EXERCISE DETAILS
Apart from the images, output the data below exactly.

DATASET EXTRACT
● ● ● ● ●

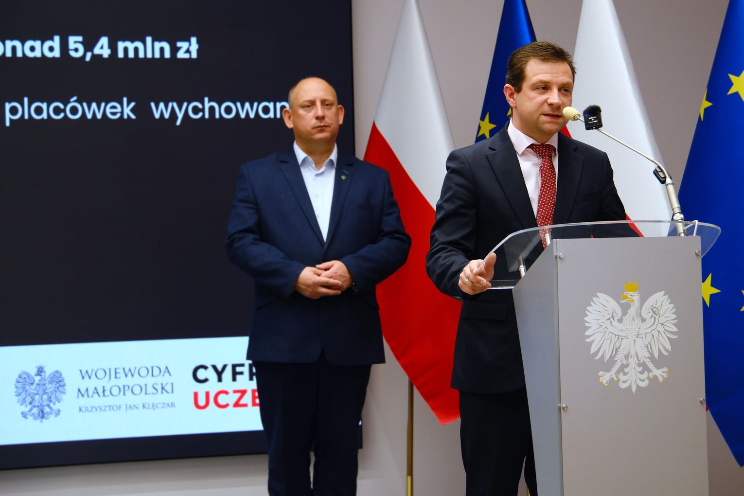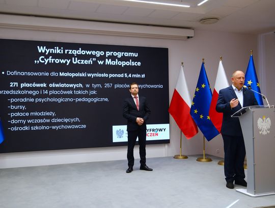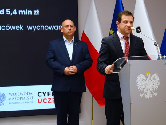 - Inwestowanie w kompetencje cyfrowe młodego pokolenia to nie tylko odpowiedź na wyzwania współczesności, ale także możliwość wyrównywania szans edukacyjnych w całym regionie. Program „Cyfrowy Uczeń” to krok w stronę nowoczesnej, dostępnej dla wszystkich edukacji. Dofinansowanych zostanie 271 placówek na kwotę ponad 5,4 mln zł. Z tych pieniędzy zakupione zostaną m.in. laptopy, cyfrowe materiały edukacyjne i ćwiczeniowe, oprogramowania czy tablety. W ten sposób rząd włącza się w rozwój młodego pokolenia poprzez wdrażanie nowoczesnych technologii już na poziomie wychowania przedszkolnego - mówi wojewoda małopolski Krzysztof Jan Klęczar.
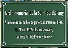 - « Un jardin en plein Paris pour faire mémoire de la Saint-Barthélemy, « crime contre l’humanité » », La Croix, (ISSN 0242-6056, lire en ligne, consulté le )
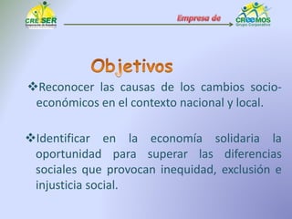 1. El documento habla sobre la economía solidaria y sus principios. 2. Reconoce que la economía solidaria ofrece oportunidades para superar las diferencias sociales que causan inequidad e injusticia. 3. Describe los principios de la economía solidaria como la ayuda mutua, solidaridad, participación democrática y equidad.
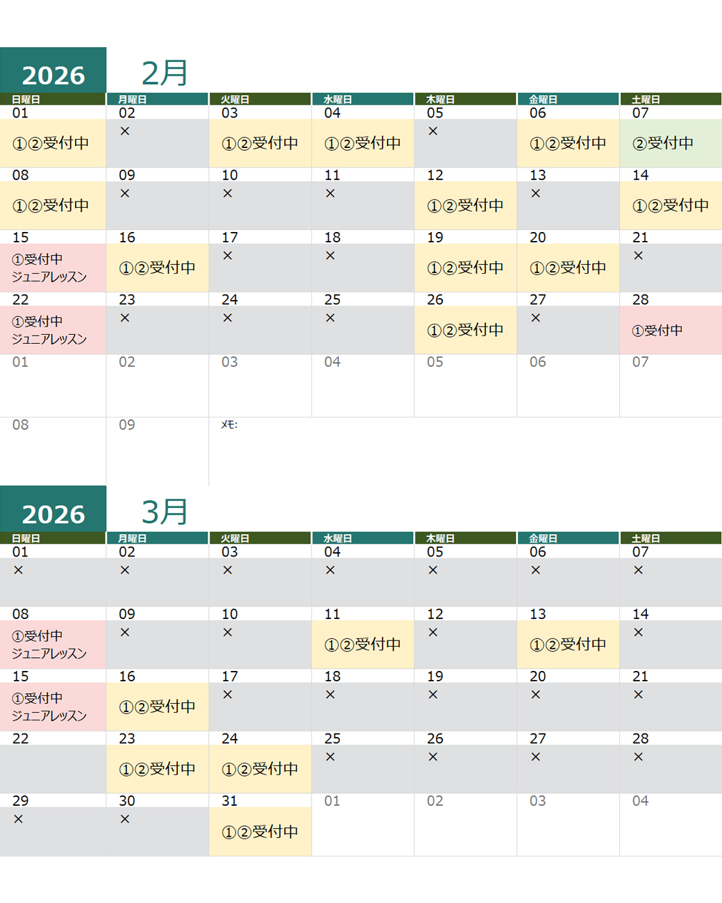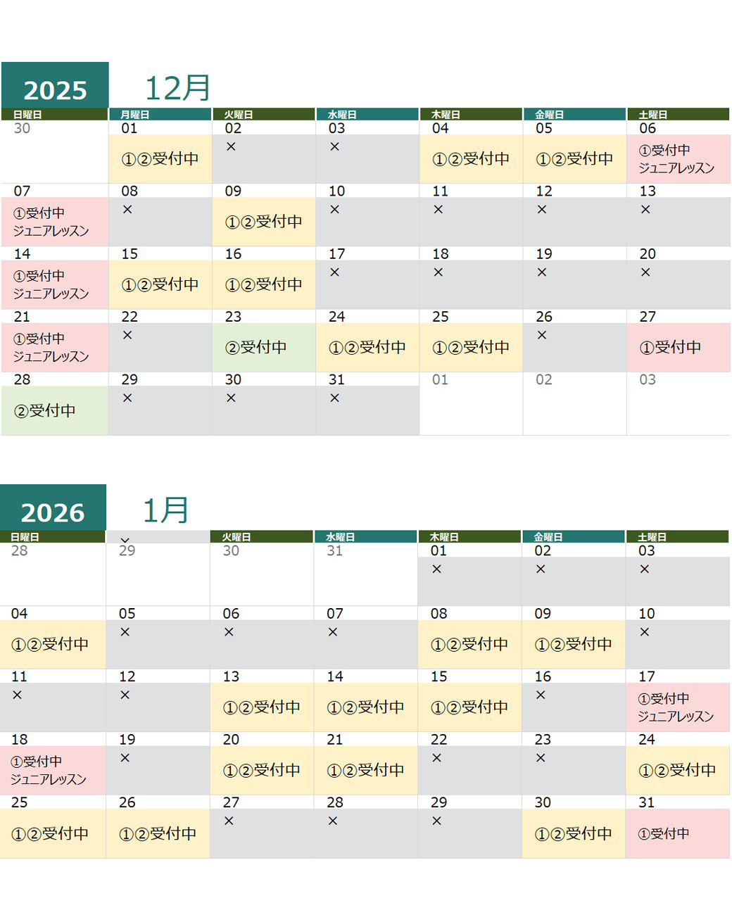 ■備考 初回ご予約時はレッスン生登録が必要となります。 登録料 メンバー様 無料 ゲスト様 3,300円 キャンセル料 10,000円 (2日前16:00以降のキャンセル1名様につき)

● ● ● ● ●

ANSWER SECTION
 - Inwestowanie w kompetencje cyfrowe młodego pokolenia to nie tylko odpowiedź na wyzwania współczesności, ale także możliwość wyrównywania szans edukacyjnych w całym regionie. Program „Cyfrowy Uczeń” to krok w stronę nowoczesnej, dostępnej dla wszystkich edukacji. Dofinansowanych zostanie 271 placówek na kwotę ponad 5,4 mln zł. Z tych pieniędzy zakupione zostaną m.in. laptopy, cyfrowe materiały edukacyjne i ćwiczeniowe, oprogramowania czy tablety. W ten sposób rząd włącza się w rozwój młodego pokolenia poprzez wdrażanie nowoczesnych technologii już na poziomie wychowania przedszkolnego - mówi wojewoda małopolski Krzysztof Jan Klęczar.
 - « Un jardin en plein Paris pour faire mémoire de la Saint-Barthélemy, « crime contre l’humanité » », La Croix, (ISSN 0242-6056, lire en ligne, consulté le )
 1. El documento habla sobre la economía solidaria y sus principios. 2. Reconoce que la economía solidaria ofrece oportunidades para superar las diferencias sociales que causan inequidad e injusticia. 3. Describe los principios de la economía solidaria como la ayuda mutua, solidaridad, participación democrática y equidad.
 ■備考 初回ご予約時はレッスン生登録が必要となります。 登録料 メンバー様 無料 ゲスト様 3,300円 キャンセル料 10,000円 (2日前16:00以降のキャンセル1名様につき)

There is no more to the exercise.